Page 10, lines 309-311, the sentence still does not make sense to me:“And as shown in Figure S6b, when the buffer solution concentration achieved 0.24 mmoL/L, ΔI was largest, which was why the buffer solution concentration was chosen as 40 mmol/L in this experiment.“ Why the buffer concentration of 0.24 mmol/L was not chosen and 40 mmol/L was chosen instead? The selected concentration seems to be absolutely outside of the tested range.
Author Response
Response to Reviewer 1 Comments
Comments and Suggestions for Authors
I appreciate that the authors took into account many suggestions and comments I had. However, there are still a few points which should be improved, before publication in Nanomaterials, as it is listed below:
Point 1: Page 9 line 290: instead of „figure below“ it should be Figure 5.
Response 1: Page 9 line 290 (now line 289): "figure below" has been modified to "Figure 5".
Point 2: Page 9, Figure 6a: TEM image - numbers next to the scale bar should be more visible (i.e. in black colour)
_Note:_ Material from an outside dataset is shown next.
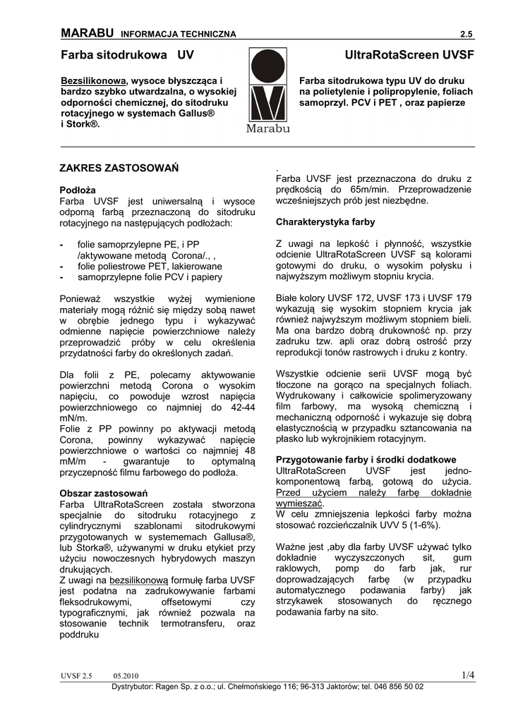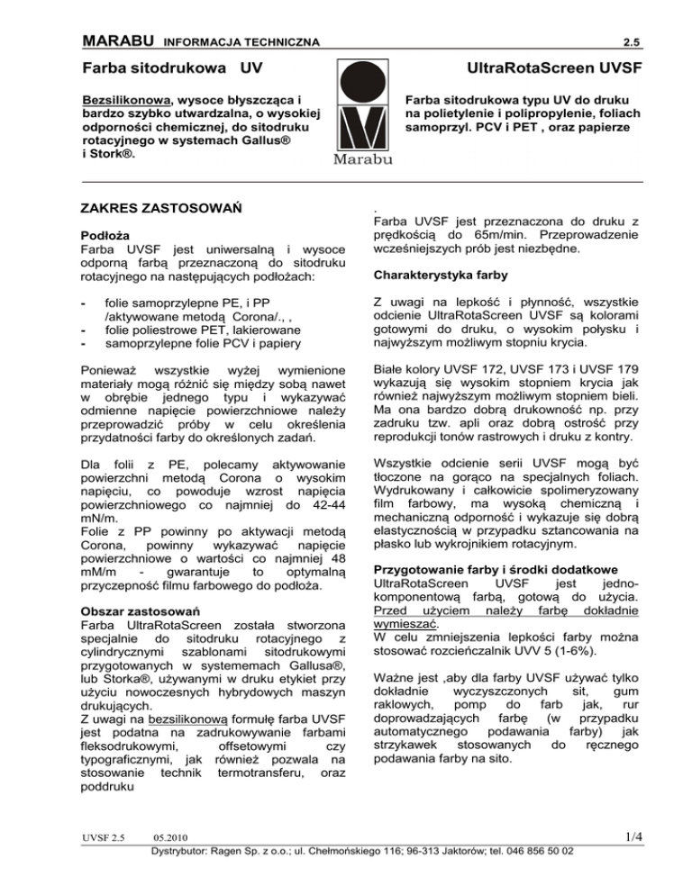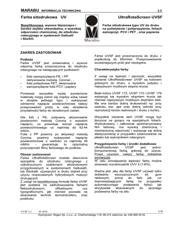 MARABU INFORMACJA TECHNICZNA Farba sitodrukowa UV Bezsilikonowa, wysoce błyszcząca i bardzo szybko utwardzalna, o wysokiej odporności chemicznej, do sitodruku rotacyjnego w systemach Gallus® i Stork®. ZAKRES ZASTOSOWAŃ Podłoża Farba UVSF jest uniwersalną i wysoce odporną farbą przeznaczoną do sitodruku rotacyjnego na następujących podłożach: - folie samoprzylepne PE, i PP /aktywowane metodą Corona/., , folie poliestrowe PET, lakierowane samoprzylepne folie PCV i papiery 2.5 UltraRotaScreen UVSF Farba sitodrukowa typu UV do druku na polietylenie i polipropylenie, foliach samoprzyl. PCV i PET , oraz papierze . Farba UVSF jest przeznaczona do druku z prędkością do 65m/min. Przeprowadzenie wcześniejszych prób jest niezbędne. Charakterystyka farby Z uwagi na lepkość i płynność, wszystkie odcienie UltraRotaScreen UVSF są kolorami gotowymi do druku, o wysokim połysku i najwyższym możliwym stopniu krycia. Ponieważ wszystkie wyżej wymienione materiały mogą różnić się między sobą nawet w obrębie jednego typu i wykazywać odmienne napięcie powierzchniowe należy przeprowadzić próby w celu określenia przydatności farby do określonych zadań. Białe kolory UVSF 172, UVSF 173 i UVSF 179 wykazują się wysokim stopniem krycia jak również najwyższym możliwym stopniem bieli. Ma ona bardzo dobrą drukowność np. przy zadruku tzw. apli oraz dobrą ostrość przy reprodukcji tonów rastrowych i druku z kontry. Dla folii z PE, polecamy aktywowanie powierzchni metodą Corona o wysokim napięciu, co powoduje wzrost napięcia powierzchniowego co najmniej do 42-44 mN/m. Folie z PP powinny po aktywacji metodą Corona, powinny wykazywać napięcie powierzchniowe o wartości co najmniej 48 mM/m gwarantuje to optymalną przyczepność filmu farbowego do podłoża. Wszystkie odcienie serii UVSF mogą być tłoczone na gorąco na specjalnych foliach. Wydrukowany i całkowicie spolimeryzowany film farbowy, ma wysoką chemiczną i mechaniczną odporność i wykazuje się dobrą elastycznością w przypadku sztancowania na płasko lub wykrojnikiem rotacyjnym. Obszar zastosowań Farba UltraRotaScreen została stworzona specjalnie do sitodruku rotacyjnego z cylindrycznymi szablonami sitodrukowymi przygotowanych w systememach Gallusa®, lub Storka®, używanymi w druku etykiet przy użyciu nowoczesnych hybrydowych maszyn drukujących. Z uwagi na bezsilikonową formułę farba UVSF jest podatna na zadrukowywanie farbami fleksodrukowymi, offsetowymi czy typograficznymi, jak również pozwala na stosowanie technik termotransferu, oraz poddruku UVSF 2.5 Przygotowanie farby i środki dodatkowe UltraRotaScreen UVSF jest jednokomponentową farbą, gotową do użycia. Przed użyciem należy farbę dokładnie wymieszać. W celu zmniejszenia lepkości farby można stosować rozcieńczalnik UVV 5 (1-6%). Ważne jest ,aby dla farby UVSF używać tylko dokładnie wyczyszczonych sit, gum raklowych, pomp do farb jak, rur doprowadzających farbę (w przypadku automatycznego podawania farby) jak strzykawek stosowanych do ręcznego podawania farby na sito. 05.2010 Dystrybutor: Ragen Sp. z o.o.; ul. Chełmońskiego 116; 96-313 Jaktorów; tel. 046 856 50 02 1/4 Jeśli czyszczenie jest przeprowadzane przy użyciu automatycznej maszyny do mycia sit, zalecamy, aby przed drukowaniem wykonać dodatkowe ręczne czyszczenie za pomocą środka, który nie miał wcześniej styczności z farbą zawierającą silikon. Aby w czasie druku uniknąć wielu problemów powstających z niedokładnego wyczyszczenia sita, lub rakla z farby silikonowej, należy dodatkowo przemyć je środkiem czyszczącym przed rozpoczęciem druku farbą bezsilikonową. W celu uniknięcia powstawania zjawiska tzw. „skórki pomarańczy” na zadruku farbowym, należy zapewnić optymalną ilość farby w cylindrze sitowym. Odporność mechaniczna Po dokładnym i całkowitym utwardzeniu film farbowy wykazuje się znakomitą odpornością na ścieranie, zdrapywanie i składowanie w stosie, jak również odporność na rozpuszczalniki, alkohol, pot, wodę i inne. SITA, WYDAJNOŚĆ Farba UVSF została opracowana w szczególności do sitodruku rotacyjnego systemem Gallusa® (typ KS, KM) i systemem Stork® ( RM 305 z 17, 13 lub 11% otwartej powierzchni. Jeden kilogram farby UVSF wystarcza na zadrukowanie 60–90m² powierzchni w zależności od rodzaju szablonu i podłoża. Utwardzanie UVSF jest szybko utwardzalną farbą UV do sitodruku rotacyjnego. Do utwardzenia wymagany jest promiennik, typu UV, z jedną lub dwoma średniociśnieniowymi lampami rtęciowymi o mocy 150-200 W/cm, przy szybkości taśmy 25-65 m/min. Przy druku farbą białą UVSF 170 i 173 do 85 m/min. Szybkość utwardzania farby jest zależna od rodzaju promiennika UV, liczby lamp, ich wieku i mocy, grubości warstwy farby, koloru, rodzaju podłoża, oraz szybkości przesuwu taśmy. Warstwa farby musi pomyślnie przejść test przyczepności z taśmą klejącą, wykonywany po schłodzeniu zadrukowanego przedmiotu do temperatury pokojowej. Proces utwardzania zachodzi w farbie jeszcze przez pewien czas po wyjściu z suszarki (polimeryzacja wtórna), dlatego pełną wytrzymałość osiąga ona po 24 godzinach. Trwałość koloru Jest ona uzależniona od koloru, pigmenty użyte do produkcji farb z serii UVSF wykazują się trwałością kolorów od niskiej do wysokiej. Oznacza to, że generalnie nie zaleca się stosowania farby na aplikacjach zewnętrznych. Na specjalne zamówienie są jednak dostępne odcienie o podwyższonej trwałości kolorów. UVSF 2.5 ASORTYMENT Kolory bazowe (patrz karta kolorów Sytemu Ultracolor) UVSF 922 j. żółty UVSF 924 żółty UVSF 926 pomarańczowy UVSF 932 czerwień flagowa UVSF 934 czerwień karmin. UVSF 936 magenta UVSF 950 fiolet UVSF 952 ultramaryna UVSF 956 niebieski UVSF 960 c. zielony UVSF 962 zielony UVSF 970 biały UVSF 980 czarny Wszystkie kolory bazowe można ze sobą mieszać. Aby zachować specjalną charakterystykę far

Response 2: Page 9, Figure 6a: TEM image-The number next to the scale bar has been added with a larger black font size.
Point 3: Page 10, Figure 6b: TEM image for the system HAuCl4-En is required. It can be also included as an inset.
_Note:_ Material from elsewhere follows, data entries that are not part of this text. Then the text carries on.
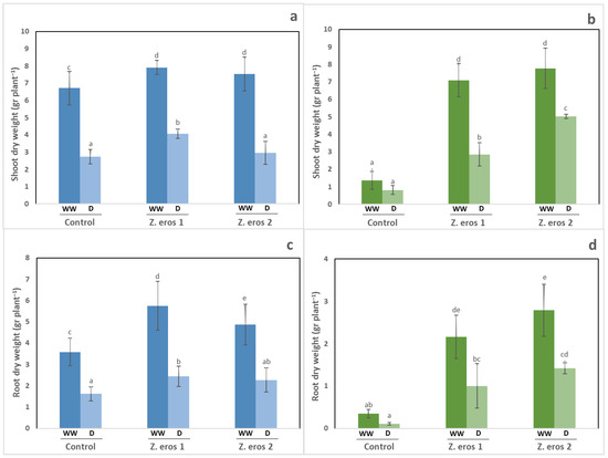 Shoot and root dry weight of wheat plants (a,c) and tomato plants (b,d) inoculated with the fungal endophytes Z. erostrata 1 y Z. erostrata 2 and cultivated under well-watered (WW) and drought stress (D) conditions. The data are the means ± standard deviation of ten replicates. Different letters indicate significant differences between all treatments, according to Duncan’s multiple-range test (p < 0.05).
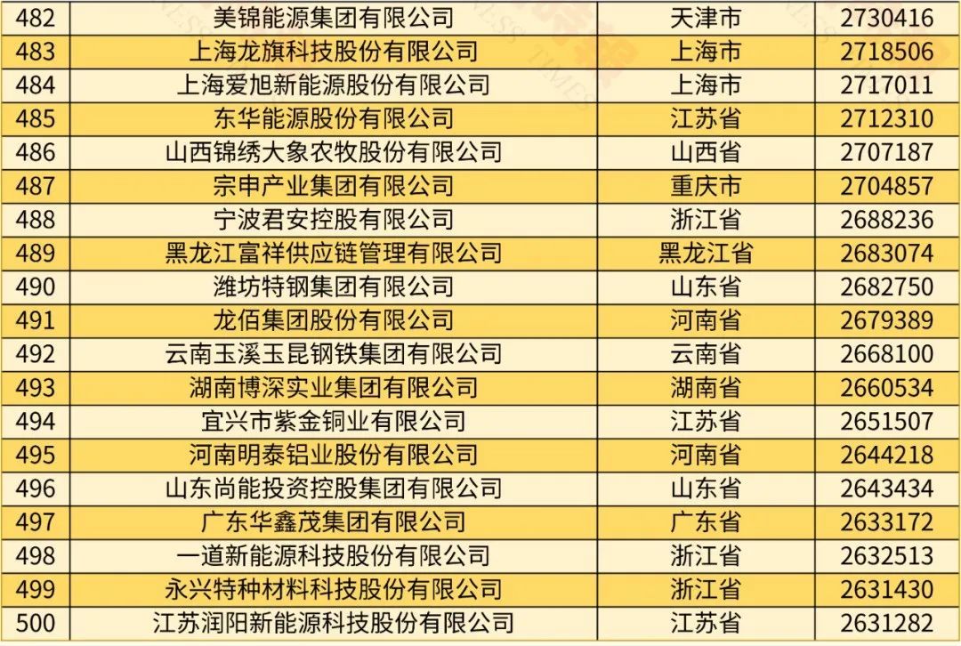 2024中国民营企业500强榜单
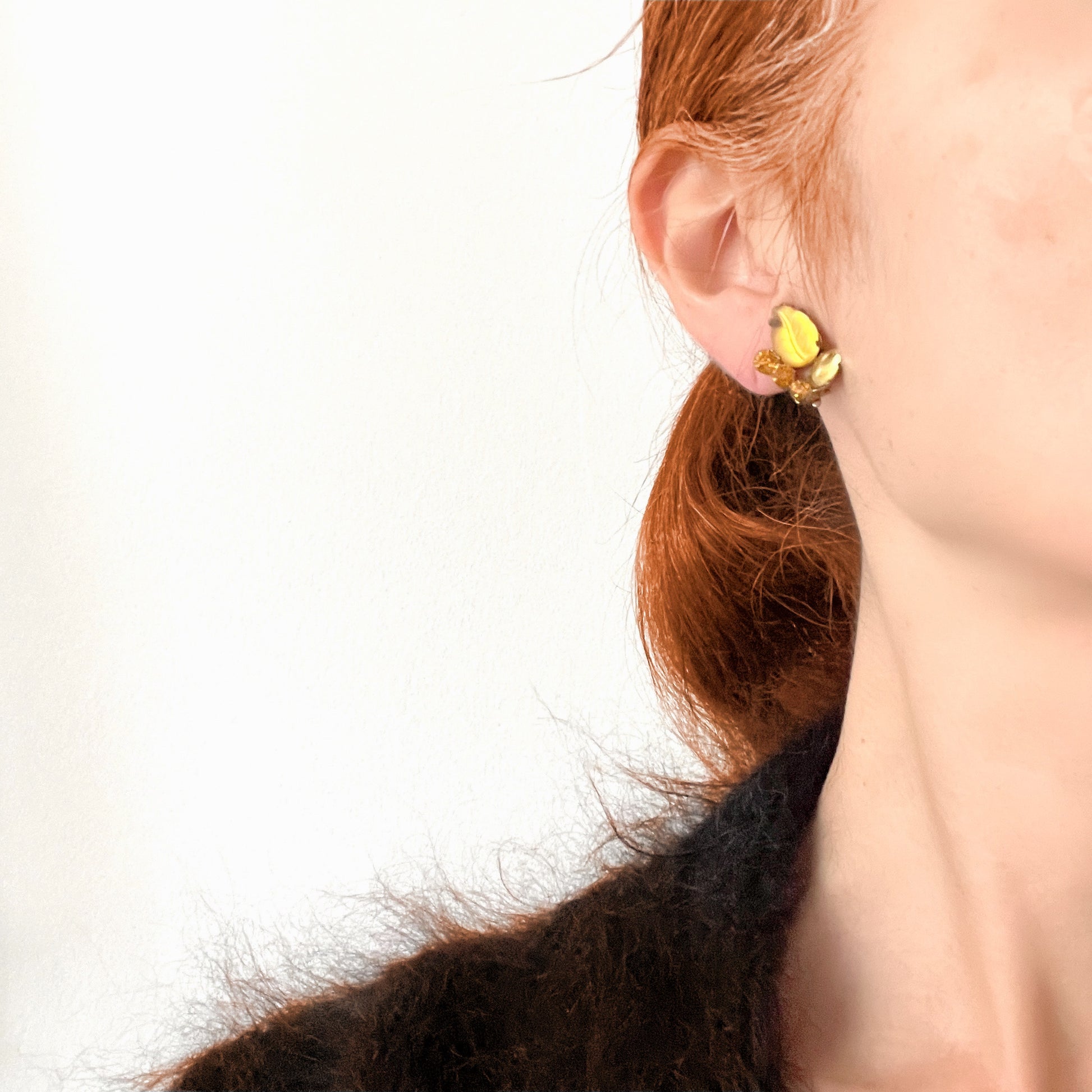 オレンジ/アンバーカラーの、フロストリーフグラスのクリップイヤリング。

Response 3: Page 10, Figure 6b: TEM image for the system HAuCl4-En has been added as an inset to Figure 6b.
Point 4: Page 10, lines 309-311, the sentence still does not make sense to me:“And as shown in Figure S6b, when the buffer solution concentration achieved 0.24 mmoL/L, ΔI was largest, which was why the buffer solution concentration was chosen as 40 mmol/L in this experiment.“ Why the buffer concentration of 0.24 mmol/L was not chosen and 40 mmol/L was chosen instead? The selected concentration seems to be absolutely outside of the tested range.
Response 4: Thank you for your reminder, this sentence has been modified to "And as shown in Figure S6b, when the buffer solution concentration achieved 0.24 mmol/L, ΔI was largest, which was why the buffer solution concentration was chosen as 0.24 mmol/L in this experiment”.
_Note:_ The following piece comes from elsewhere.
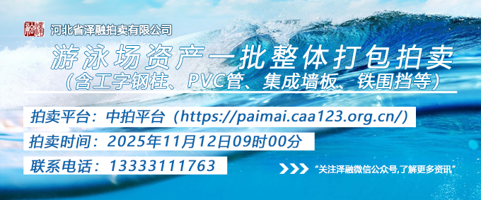 - [拍賣公告]游泳場資產(chǎn)一批(含工字鋼柱、PVC管、集成墻板、鐵圍擋等)整體打包拍賣20251112
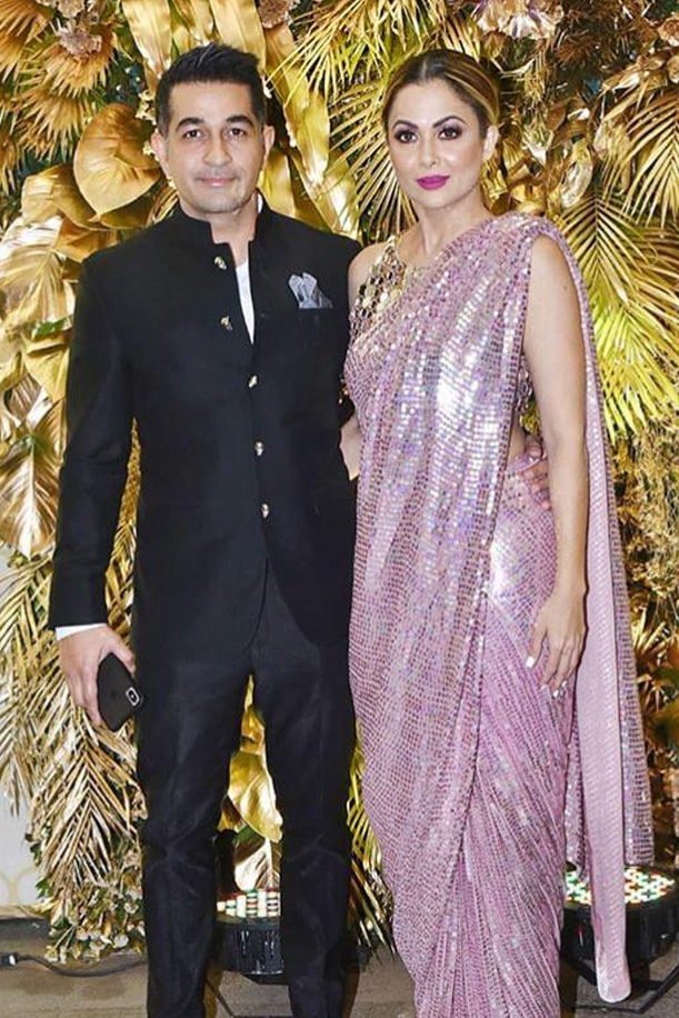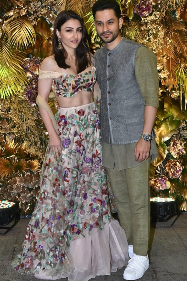 Soha Ali Khan Pataudi wore a dreamy floral lehenga by Shehla Khan and hubby Kunal Khemu looked dapper in an olive and grey kurta and bandi by Kunal Anil Tanna. Amrita Arora looked glamorous in a pink sequin saree as she walked in with husband Shakeel Ladak.

Author Response File: Author Response.pdf
Reviewer 2 Report
The revised manuscript is suitable for the publication in this journal.
Author Response
Thank you.
Reviewer 4 Report
The paper could be published in the revised form
Author Response
Thank you.
Reviewer 5 Report
I regret to notice that the answer of the Authors to my considerations is just a no-answer. From my point of view, this manuscript has serious conceptual lacks.
Author Response
Response to Reviewer 5 Comments
Comments and Suggestions for Authors
I regret to notice that the answer of the Authors to my considerations is just a no-answer. From my point of view, this manuscript has serious conceptual lacks.
Response: Thank you for your suggestion, we will pay more attention to the definition of concepts in future work.